L'ancien sous-secrétaire de l’Organisation de coopération de Shanghai (2004-2010) et diplomate, Vladimir Zakharov, explique.
Selon des statistiques publiées par l'Institut international de recherche sur la paix de Stockholm (Sipri), les États-Unis, sur le marché mondial de l'armement ont nettement pris la tête (31% des exportations) devant la Russie (27%). Les trois suivants arrivent loin derrière, avec quelque 5% des exportations chacun. La Chine a dépassé l'Allemagne et la France pour devenir le troisième exportateur mondial d'armes. La France aurait pu décrocher la troisième place, «si elle avait livré en novembre dernier le navire de classe Mistral que la Russie n'a pas reçu à cause du conflit dans l’est de l’Ukraine».
A la fin du mois de mars, La Russie a averti la France qu'elle «fera valoir ses droits jusqu'au bout» en cas de rupture du contrat de livraison de deux navires militaires de type Mistral d’une valeur d’1,2 milliard d'euros. Le vice-ministre russe de la Défense, Y. Borissov, a lancé cette mise en garde au moment même où Paris reportait depuis plusieurs mois cette décision difficile.

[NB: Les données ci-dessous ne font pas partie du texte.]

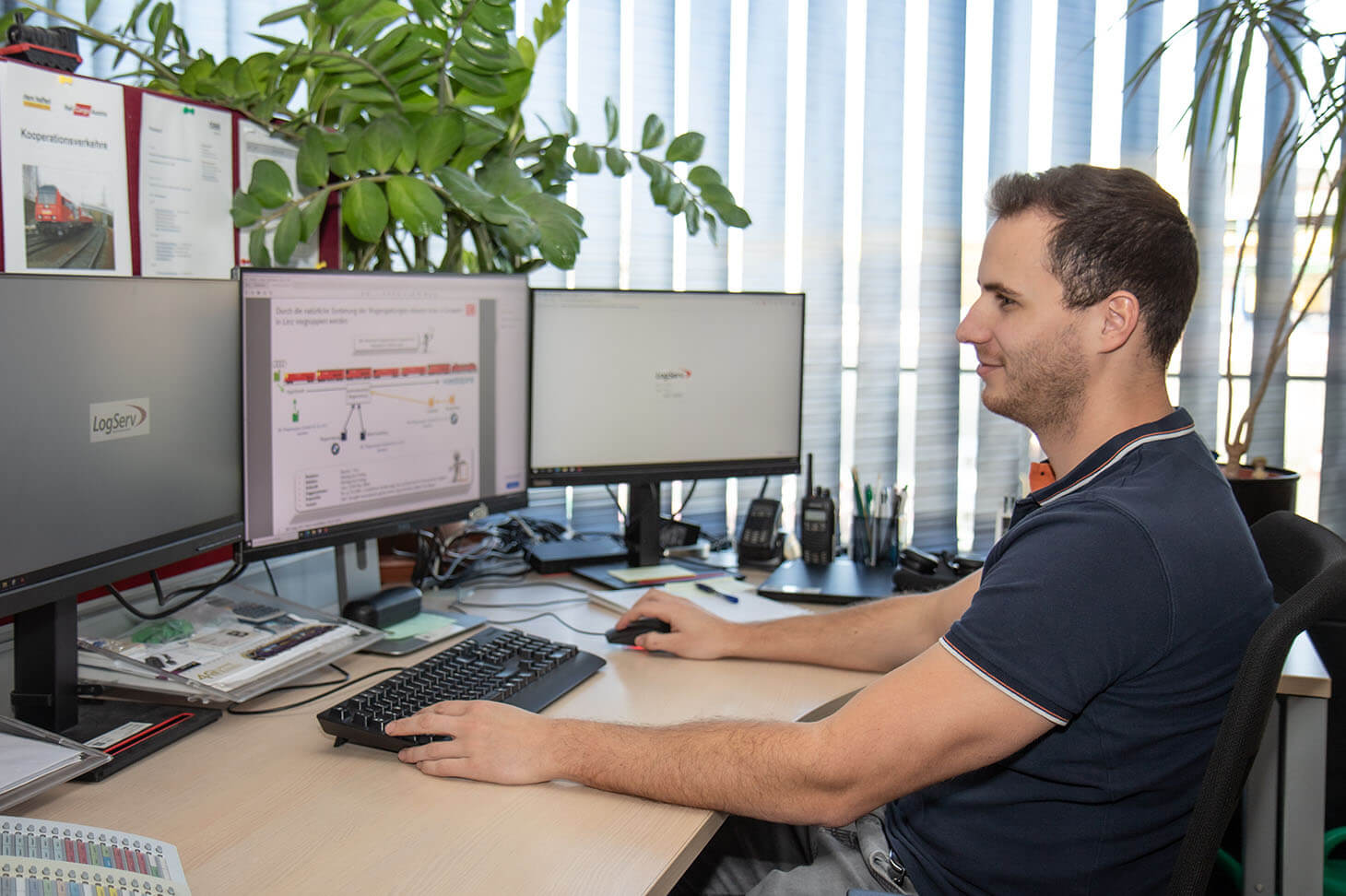 Benjamin W. hat die Handelsakademie (HAK) in Perg absolviert. Schon in jungen Jahren wusste er, was er will und hat deshalb seinen Ausbildungsschwerpunkt in der HAK aufs Logistikmanagement und die Speditionswirtschaft gelegt. Da lag es natürlich nahe, dass er seine ersten beruflichen Erfahrungen auch in diesem Bereich machen wollte. Gesagt, getan: Er stieg bei CTE (Container Terminal Enns) als Disponent im trimodalen Verkehr ein und war damit tagtäglich mit der sicheren und effizienten Disposition der Verkehrsströme auf der Wasserstraße, der Schiene und der Straße betraut. Schon damals lag der Fokus auf dem Bahnverkehr. Das sollte seine Leidenschaft für die Eisenbahn wecken. Benjamin wollte sein Wissen in Sachen Logistik vertiefen und startete nebenberuflich das Bachelorstudium „Internationales Logistikmanagement“ an der Fachhochschule Steyr, welches er heuer im Juni abschließen wird. Der Schichtbetrieb bei CTE war mit dem Studium nicht zu vereinen. Als Materialdisponent und Bestandsmanager wechselte er daher zu RWA. Es sollte bei einem kurzen Intermezzo bleiben, denn als er die Chance erhielt, bei der LogServ-Gruppe seine Leidenschaft zur Bahn zum Beruf zu machen, ergriff er sie kurzerhand. Seit November 2022 ist er Trainee im Bahnbereich und hat schon jetzt beinahe jeden Winkel des LogServ-Universums gesehen.
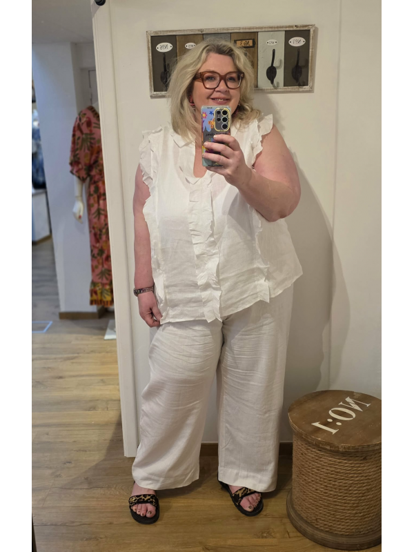 Adorable blouse blanche avec petits volants. En 100% lin. Hauteur : 72 cm

«En cas de rupture du contrat sur les Mistral, la partie russe fera valoir ses droits jusqu'au bout en vertu des accords passés, et exigera notamment la compensation de tous les préjudices qu'elle pourrait subir», a indiqué le vice-ministre. Il a rappelé que des pénalités étaient prévues en cas de rupture dans le contrat conclu en 2011. «J'espère que nos partenaires français vont tout de même peser le pour et le contre», a-t-il poursuivi. Il a estimé que la rupture du contrat porterait atteinte à la réputation de la France «face à la communauté internationale».
En savoir plus : Le sort des «Mistral» sera décidé avant le mois de mai
On assiste à une situation tout-à-fait deplorable. Sous le dictat des Etats-Unis et des alliés de l'OTAN, Paris s’est vu obligé de renégocier péniblement, suspendre ou perdre plusieurs contrats lucratifs. Le Sipri a relevé que les «efforts considérables de la France pour augmenter ses exportations d'armes» avaient été récompensés uniquement par le contrat passé avec l'Égypte en février dernier. A l'issue d'une négociation ultra-rapide pour ce type de contrats, la France a signé avec l'Egypte un accord portant sur la livraison de 24 avions de combat Rafale construits par Dassault Aviation.
C'est le premier contrat à l'exportation remporté par un avionneur militaire français : auparavant seule l'Armée de l'Air nationale s'était offerte des Rafale. Jusqu'à maintenant, le Rafale avait essuyé six échecs sur le marché international, le plus retentissant ayant été le Brésil avec un manque à gagner monstrueux de 4,5 milliards de dollars pour 36 appareils au profit du fabricant suédois triomphant Gripen. A ne pas manquer, le suspens actuel autour des négociations qui durent depuis janvier 2012 avec l'Inde, un contrat portant sur 126 Rafale pour un montant évalué entre 10 et 16 milliards d’euros. Mais la France a fait volte face en ajoutant un surcoût pour les Rafales.
Des discussions se poursuivent également avec le Qatar pour une commande de 36 appareils. De fait, le Rafale était jugé trop cher et trop perfectionné pour venir équiper des armées dont les besoins opérationnels étaient faibles. Sans oublier les frais d'entretien de ces avions de chasse qui constituent une charge supplémentaire. Mais en général, la cause principale du piétinement est à chercher aux Etats-Unis qui exercent une pression obstinée sur la France pour qu’elle refuse de vendre du matériel de combat comportant des technologies de pointe en vue d’un assemblage local. En premier lieu, cela regarde l' Inde, bien sûr.
Le Sipri a noté également que le volume du commerce mondial d'armes avait augmenté de 16% ces cinq dernières années par rapport à la période 2005-2009, tandis que les exportations francaises sont en perte de vitesse au profit de nouveaux venus, tel est le cas de la Chine par exemple, qui s'impose en concurent surtout en Afrique et Asie méridionale. Pour la France, le marché est en train de se rétrécir au Maroc (18%) et aux pays du Proche Orient et d’Afrique noire francophone. La perte de confiance est cher payée pour la France.